Although there are numerous applications and technologies that the team would like to see introduced into the cascade, there are various factors preventing them becoming a reality. “We can always dream of what we want, but most approaches are not available at the moment,” said Bardelle. “For example, now that everyone is moving into new fields and working with more obscure targets, we are going to need different types of reagents in order to pursue those fields. The limitation for novel targets is mainly due to the lack of appropriate antibodies, tools or substrates.
We also need to fully understand how complex we need to be at the start of a primary HTS.” In this context, the team discussed the potential for a new type of compound library, whereby the library would be re-designed based on the phenotypic and/or toxic profiling using cell painting, and not based only on their chemical properties. Here, they believe that HCS and AI have a key role to play in these activities.
Physiological relevance will always fit into AstraZeneca’s 5R framework,2 in which R&D decision-making is focused on five technical determinants – the right target, right tissue, right safety, right patient, and right commercial potential. “I think we also need to consider the right modality as an additional ‘R’ that could be added to the framework,” suggested Bardelle. “COVID has shown us that it is great to have a variety of vaccines available from different modalities because they all have advantages and disadvantages. Commercial strategies in the future may be impacted by different modalities like nucleotides or small molecules versus peptides/antibodies. Therefore, I think that is something that will influence the 5Rs in the future.”

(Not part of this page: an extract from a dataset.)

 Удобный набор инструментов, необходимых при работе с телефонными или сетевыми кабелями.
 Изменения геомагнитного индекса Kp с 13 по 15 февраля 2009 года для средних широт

Blackett concluded to say that HTS is always a compromise versus scalability, cost, and feasibility of the assay. “As much as we would always like to run the most disease-relevant assay, the purpose of HTS is to identify initial hits with the desired mechanism of action, and understanding this at the primary screening stage allows us to make an informed choice of assay approach, to give balance between complexity and scale, and hence speed and cost.”

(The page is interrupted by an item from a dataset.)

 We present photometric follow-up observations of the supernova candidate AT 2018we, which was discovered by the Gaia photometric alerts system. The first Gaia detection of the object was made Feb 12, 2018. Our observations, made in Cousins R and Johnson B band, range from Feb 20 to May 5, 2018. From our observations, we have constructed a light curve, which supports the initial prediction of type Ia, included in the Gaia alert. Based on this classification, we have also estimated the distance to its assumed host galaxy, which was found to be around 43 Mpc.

- Top 20 Pharma Interviews and Insights: Drug Discovery for Small Molecule [Internet]. PerkinElmer. 2021 [cited 21 May 2021]. Available from: https://www.perkinelmer.com/library/WHP-top-20-pharma-interviews-and-insights-drug-discovery-for-small-molecule.html
- organ P, Brown D, Lennard S, Anderton M, Barrett J, Eriksson U et al. Impact of a five-dimensional framework on R&D productivity at AstraZeneca. Nature Reviews Drug Discovery. 2018;17(3):167-181.